╭─ Provided data
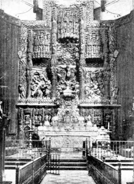 | Lám. XII, Fig. 20.— Huesca. Retablo de mármol de la Catedral. | 102 |
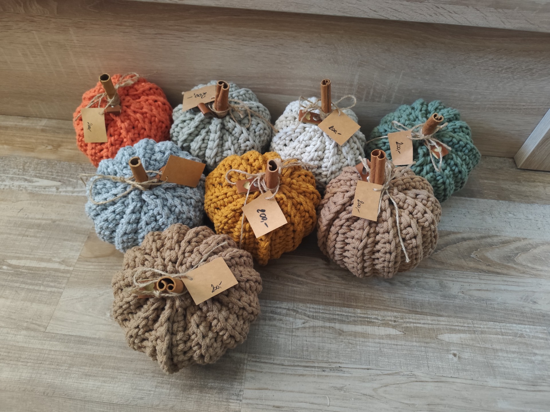 Háčkované dýně různých barev, na fotce aktuálně dostupné.
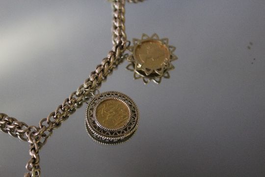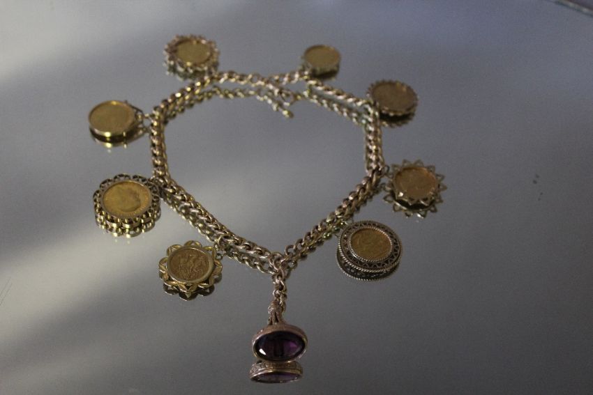 A 9CT GOLD ROLLER CHAIN SET WITH AN ORNATE AMETHYST SEAL AND EIGHT ASSORTED GOLD COINS, comprising four full sovereigns and four half sovereigns to include a shield back example, approx weight 121g
╰─
Replicate the material above verbatim; images stay out of the copy.

 | Lám. XII, Fig. 20.— Huesca. Retablo de mármol de la Catedral. | 102 |
 Háčkované dýně různých barev, na fotce aktuálně dostupné.
 A 9CT GOLD ROLLER CHAIN SET WITH AN ORNATE AMETHYST SEAL AND EIGHT ASSORTED GOLD COINS, comprising four full sovereigns and four half sovereigns to include a shield back example, approx weight 121g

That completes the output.